🤖 AI Summary
High-order reversible programming—particularly in quantum and concurrent computing—lacks recursion mechanisms compatible with reversible semantics.
Method: We generalize guarded recursion to dagger rig categories, constructing a non-Cartesian, bounded, and guarded recursive model. We formalize the semantics of reversible languages within dagger-enriched rig categories, incorporating core features such as symmetric pattern matching, and ensure semantic adequacy via categorical constructions and fixed-point theorems.

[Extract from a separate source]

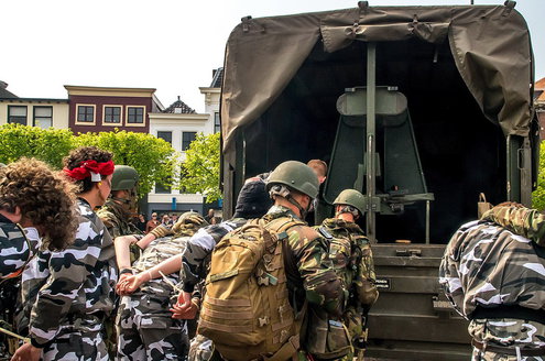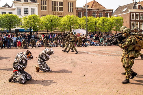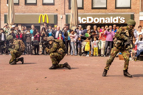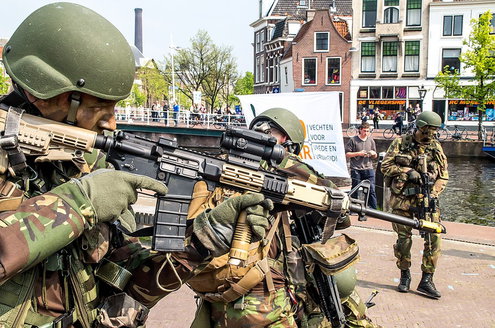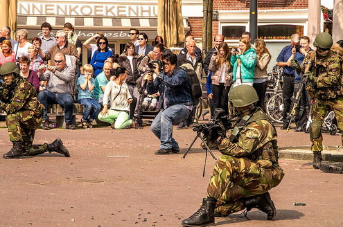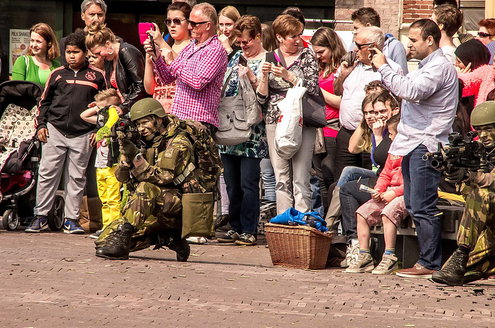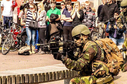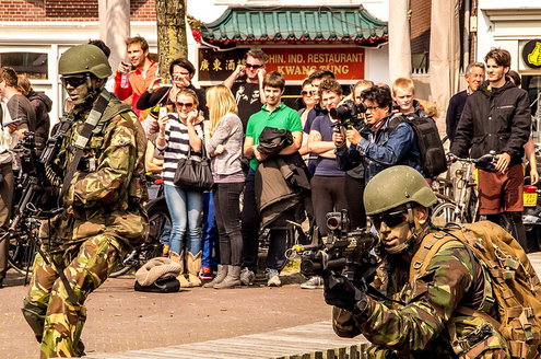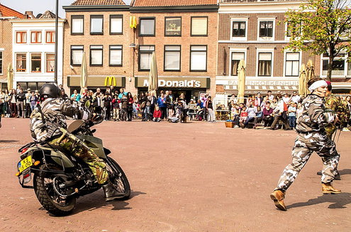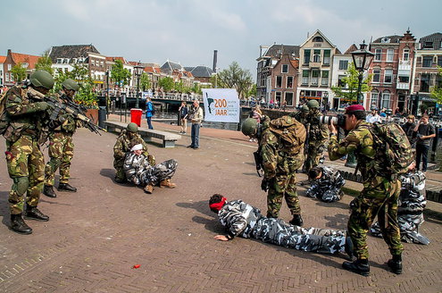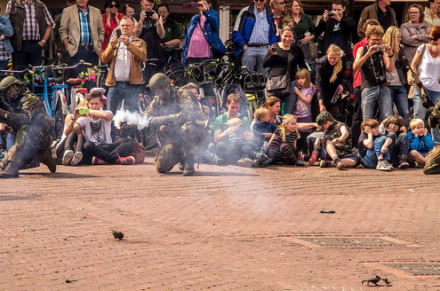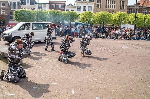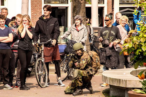 De Koninklijke Landmacht bestaat 200 jaar. Daarom waren er vandaag in het hele land verschillende activiteiten. In Leiden werden spectaculaire oefeningen gehouden tussen het publiek dat voor een deel van niets wist. “Ik schrok me dood,” is een veelgemaakte opmerking via de sociale media vandaag. De oefeningen gingen namelijk wel gepaard met de nodige schietpartijen en ook losse flodders maken herrie.
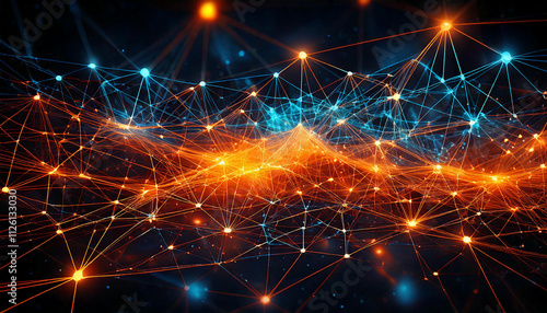 abstract background, network, connection, technology, digital, abstract, pattern, design, futuristic, innovation, communication, blue, orange, glowing, vibrant, neon, dot, line, node, web, mesh, grid, connectivity, complexity, datum, information, cyberspace, global, universe, galaxy, science, artificial intelligence

Contribution/Results: We present the first reversible recursive framework supporting backward execution, multi-threading, and continuous data streams; overcome the restrictive Cartesian assumption inherent in prior models; and establish a mathematically rigorous, extensible semantic foundation for higher-order reversible languages—directly enabling quantum program modeling and reversible compiler design.
📝 Abstract
Guarded recursion is a framework allowing for a formalisation of streams in classical programming languages. The latter take their semantics in cartesian closed categories. However, some programming paradigms do not take their semantics in a cartesian setting; this is the case for concurrency, reversible and quantum programming for example. In this paper, we focus on reversible programming through its categorical model in dagger categories, which are categories that contain an involutive operator on morphisms. After presenting classical guarded recursion, we show how to introduce this framework into dagger categories with sufficient structure for data types, also called dagger rig categories. First, given an arbitrary category, we build another category shown to be suitable for guarded recursion in multiple ways, via enrichment and fixed point theorems. We then study the interaction between this construction and the structure of dagger rig categories, aiming for reversible programming. Finally, we show that our construction is suitable as a model of higher-order reversible programming languages, such as symmetric pattern-matching.